_TRY IT_
Give back only the lines in the records below from the one with "3、程佑视角(3楼徐教授教室" to the one with "Schemat złożenia elementów", both inclusive, word for word.

*** Opening SUPPLIED INFORMATION ***

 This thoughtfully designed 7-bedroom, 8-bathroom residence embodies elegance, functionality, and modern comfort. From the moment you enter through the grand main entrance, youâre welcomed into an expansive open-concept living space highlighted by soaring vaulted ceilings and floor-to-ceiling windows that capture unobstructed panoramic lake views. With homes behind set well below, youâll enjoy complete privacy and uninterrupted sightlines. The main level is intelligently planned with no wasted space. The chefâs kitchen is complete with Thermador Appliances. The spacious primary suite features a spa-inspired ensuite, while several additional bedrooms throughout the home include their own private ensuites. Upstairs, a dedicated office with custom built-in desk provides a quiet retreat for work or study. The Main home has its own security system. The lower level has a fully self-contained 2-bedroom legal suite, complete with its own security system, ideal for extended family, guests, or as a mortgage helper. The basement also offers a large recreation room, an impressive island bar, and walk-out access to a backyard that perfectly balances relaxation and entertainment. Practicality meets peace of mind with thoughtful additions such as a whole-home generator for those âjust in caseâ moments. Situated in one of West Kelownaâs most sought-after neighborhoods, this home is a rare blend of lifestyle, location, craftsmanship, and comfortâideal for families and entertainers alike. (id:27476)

*** Closing SUPPLIED INFORMATION ***
*** Opening SUPPLIED INFORMATION ***

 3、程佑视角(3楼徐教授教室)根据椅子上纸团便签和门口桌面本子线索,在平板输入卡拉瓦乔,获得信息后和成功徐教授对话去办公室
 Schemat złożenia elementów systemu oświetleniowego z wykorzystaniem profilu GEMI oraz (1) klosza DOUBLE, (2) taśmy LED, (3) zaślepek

*** Closing SUPPLIED INFORMATION ***
*** Opening SUPPLIED INFORMATION ***

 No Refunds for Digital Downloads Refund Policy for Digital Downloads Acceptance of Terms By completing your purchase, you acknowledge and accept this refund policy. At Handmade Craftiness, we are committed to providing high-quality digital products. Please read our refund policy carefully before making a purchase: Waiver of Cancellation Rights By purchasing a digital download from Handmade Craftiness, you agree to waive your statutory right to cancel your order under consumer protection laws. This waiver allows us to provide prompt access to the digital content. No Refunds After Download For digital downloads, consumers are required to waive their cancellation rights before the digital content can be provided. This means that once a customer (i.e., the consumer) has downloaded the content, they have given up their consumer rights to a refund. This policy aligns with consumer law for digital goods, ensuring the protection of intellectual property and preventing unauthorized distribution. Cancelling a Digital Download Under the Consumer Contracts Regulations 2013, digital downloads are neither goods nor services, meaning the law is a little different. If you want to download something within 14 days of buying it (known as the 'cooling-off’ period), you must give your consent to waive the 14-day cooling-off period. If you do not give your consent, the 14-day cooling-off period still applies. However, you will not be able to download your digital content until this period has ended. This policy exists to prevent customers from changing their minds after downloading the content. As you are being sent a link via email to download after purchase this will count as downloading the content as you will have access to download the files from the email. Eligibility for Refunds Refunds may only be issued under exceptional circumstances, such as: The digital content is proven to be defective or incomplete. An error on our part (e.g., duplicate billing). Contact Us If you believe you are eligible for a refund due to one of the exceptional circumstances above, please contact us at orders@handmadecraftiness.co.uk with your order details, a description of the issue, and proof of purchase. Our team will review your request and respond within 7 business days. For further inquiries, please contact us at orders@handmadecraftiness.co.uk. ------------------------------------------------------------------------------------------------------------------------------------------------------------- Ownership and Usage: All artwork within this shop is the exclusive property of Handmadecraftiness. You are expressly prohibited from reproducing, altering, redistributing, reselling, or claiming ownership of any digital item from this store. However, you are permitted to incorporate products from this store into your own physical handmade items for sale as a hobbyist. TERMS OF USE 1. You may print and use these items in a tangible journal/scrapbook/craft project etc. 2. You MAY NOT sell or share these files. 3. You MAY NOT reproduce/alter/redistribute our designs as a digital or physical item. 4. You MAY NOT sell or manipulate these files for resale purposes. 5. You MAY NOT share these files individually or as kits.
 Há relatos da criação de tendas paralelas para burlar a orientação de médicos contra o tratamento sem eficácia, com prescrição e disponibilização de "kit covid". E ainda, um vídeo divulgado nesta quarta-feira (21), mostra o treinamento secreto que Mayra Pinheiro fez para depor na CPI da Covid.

*** Closing SUPPLIED INFORMATION ***

_WRITTEN SOLUTION_
 3、程佑视角(3楼徐教授教室)根据椅子上纸团便签和门口桌面本子线索,在平板输入卡拉瓦乔,获得信息后和成功徐教授对话去办公室
 Schemat złożenia elementów systemu oświetleniowego z wykorzystaniem profilu GEMI oraz (1) klosza DOUBLE, (2) taśmy LED, (3) zaślepek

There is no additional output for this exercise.